Mais plus important que l’accès direct à ces ressources, c’est leur acheminement qui est central dans la question stratégique. On parle même de « géopolitique des pipelines » dans le sens où ceux ci matérialise les objectifs stratégiques du promoteur[2]. En ce sens on assiste à la concurrence des projets de gazoduc américain –contournant la Russie et permettant le contrôle de l’approvisionnement énergétique des « alliés » européens – et le projet Russe, mis en difficulté par la guerre civile en Syrie et les troubles en Turquie.

Malgré la complexification du monde multipolaire et l’émergence d’acteurs indispensables, il semble bien que ce soit la Chine qui tire son épingle du jeu avec son projet de « nouvelle route de la soie »[3], à condition que celui ci aboutisse.
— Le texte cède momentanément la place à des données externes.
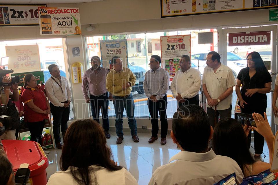 Colocan 25 contenedores de reciclaje de pilas en Oxxos de Matamoros

Si le sujet vous intéresse je vous conseille l’excellent blog de Christian Greiling dédié à la question : http://www.chroniquesdugrandjeu.com/2015/06/le-grand-jeu-cadre-theorique.html ainsi qu’un de ses articles pour la revue Conflits : http://www.revueconflits.com/le-nouveau-grand-jeu-bonus/

Mais resserrons la focale sur le Vietnam.
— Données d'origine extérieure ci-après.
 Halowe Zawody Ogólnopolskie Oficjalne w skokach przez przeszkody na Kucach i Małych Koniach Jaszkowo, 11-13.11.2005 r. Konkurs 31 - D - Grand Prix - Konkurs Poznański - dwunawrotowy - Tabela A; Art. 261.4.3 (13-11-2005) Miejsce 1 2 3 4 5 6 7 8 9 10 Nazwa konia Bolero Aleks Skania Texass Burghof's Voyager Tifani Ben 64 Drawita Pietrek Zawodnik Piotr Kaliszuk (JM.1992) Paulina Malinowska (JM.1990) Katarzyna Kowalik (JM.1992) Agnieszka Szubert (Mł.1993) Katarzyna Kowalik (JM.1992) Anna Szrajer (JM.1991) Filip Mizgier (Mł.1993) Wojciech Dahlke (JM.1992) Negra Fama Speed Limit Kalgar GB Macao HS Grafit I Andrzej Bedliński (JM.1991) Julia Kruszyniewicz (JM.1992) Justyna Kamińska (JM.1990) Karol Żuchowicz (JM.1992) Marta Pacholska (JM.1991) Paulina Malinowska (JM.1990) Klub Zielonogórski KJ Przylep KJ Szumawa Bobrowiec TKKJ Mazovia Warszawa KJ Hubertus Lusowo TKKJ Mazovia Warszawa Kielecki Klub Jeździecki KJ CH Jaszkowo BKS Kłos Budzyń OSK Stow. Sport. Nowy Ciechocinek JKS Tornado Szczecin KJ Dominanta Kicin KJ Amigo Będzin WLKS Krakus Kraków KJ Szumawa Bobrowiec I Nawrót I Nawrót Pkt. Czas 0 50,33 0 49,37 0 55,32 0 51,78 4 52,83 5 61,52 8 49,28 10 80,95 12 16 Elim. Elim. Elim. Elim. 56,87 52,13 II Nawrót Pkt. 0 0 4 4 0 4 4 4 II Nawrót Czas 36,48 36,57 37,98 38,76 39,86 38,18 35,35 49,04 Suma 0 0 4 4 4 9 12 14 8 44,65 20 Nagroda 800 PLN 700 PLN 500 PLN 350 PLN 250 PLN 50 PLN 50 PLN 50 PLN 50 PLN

 II) L’influence de la théorie du « Grand Jeu » sur l’histoire vietnamienne.

Dans le cadre théorique du « Grand Jeu », il convient d’apporter quelques précisions d’ordres géographiques sur le Vietnam.

Le pays est situé dans à l’extrême Est de l’ « île monde » eurasiatique. Il se distingue par la longueur de sa frontière maritime (3260km) et sa forme en « S » s’étirant sur 1650 km du Nord au Sud. Coincé entre la MDC du Sud et la cordillère annamitique, il est en cela un « balcon sur le pacifique » dont le coefficient de maritimité (ratio côtes/superficies terrestres) est comparable à celui de l’état insulaire malaisien.

Cette influence maritime place une part importante des enjeux économiques vietnamiens vers la mer : la pêche représente 7% du PNB et 4,5millions d’emplois et l’exploitation du pétrole off-shore pèse pour un quart du budget de l’Etat et 24% du PNB du pays.

Malgré ce patrimoine maritime, le pays souffre d’une certaine carence structurelle (surcapacité des infrastructures) l’empêchant de s’insérer de manière optimale dans le trafic mondial des containers[4].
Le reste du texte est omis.